A House of Representatives panel will summon Mizuho Holdings Inc. President Terunobu Maeda and the heads of Japan’s three other major banking groups to give unsworn testimony Wednesday on the results of recent government inspections.

The Lower House Committee on Financial Affairs is expected to question the four bank chiefs over their planned response to the results of the inspections, which were conducted by the Financial Services Agency to assess what number of loans to 149 companies has turned sour.

As a result of the FSA inspections, released last Friday, the nation’s 13 major banks will book a combined 7.8 trillion yen in loan-loss charges for fiscal 2001, up from the 6.4 trillion yen they had projected earlier.

That will push all four into the red for the year through March 31, the agency said.

The four chieftains are also likely to face tough questions from panel members about risk management with regard to their computer systems, in the wake of widespread computer glitches that hit Mizuho Financial Group this month.

In addition to Maeda, the panel will also summon Shigemitsu Miki, president of Mitsubishi Tokyo Financial Group Inc.; Yoshifumi Nishikawa, president of Sumitomo Mitsui Banking Corp.; and Masashi Teranishi, president of UFJ Bank, a core component of UFJ Holdings Inc.

Mizuho’s computer troubles began just before the April 1 launch of Mizuho Bank and Mizuho Corporate Bank, which were created through the merger of Dai-Ichi Kangyo Bank, Fuji Bank and the Industrial Bank of Japan under Mizuho Holdings.

Thousands of the banks’ customers were double-billed for utility charges, and 7,000 automated teller machines crashed. Many utility companies are still experiencing delays in receiving customer payments due to the computer malfunctions.

Financial Services Minister Hakuo Yanagisawa said Thursday he expects that the Mizuho group will submit a final report on the incident on May 1.

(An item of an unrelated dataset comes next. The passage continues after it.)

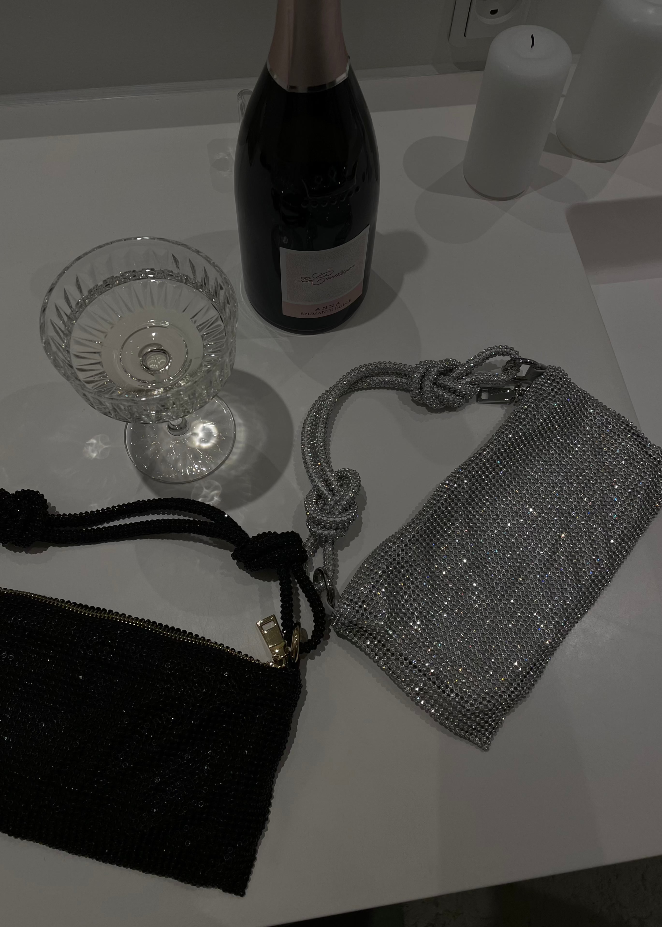 Vår glitterväska är den perfekta lilla handväskan för festliga evenemang. Fylld med gnistrande strass, som skapar en fantastisk glans, och med två eleganta knutar på handtaget. Denna väska är idealisk för nyårsafton eller andra fester, och ger plats för det väsentliga - mobil, läppglans, plånbok, nycklar och det lilla extra✨

“It is important that (the Mizuho group) ensures that it will be able to overcome (its troubles),” Yanagisawa told the House of Councilors Committee on Financial Affairs. “The group said it will be difficult to say it has settled the problem until it sees the situation after a fifth, 10th, or first day of a month,” when companies make millions of settlement transfers.

The FSA is expected to study measures to help the group improve its operations after studying the report.

Earlier in the day, the Mizuho group said it has nearly finished processing the backlog of transactions but that it still expects partial delays in notifying companies of cash withdrawals and cash deposits for clients.

It said it hopes to be functioning glitch-free by May 1, the officials said.

Critics say bitter competition for leadership among Fuji, DKB and IBJ led to poor coordination in the integration of their computer systems ahead of the April 1 merger.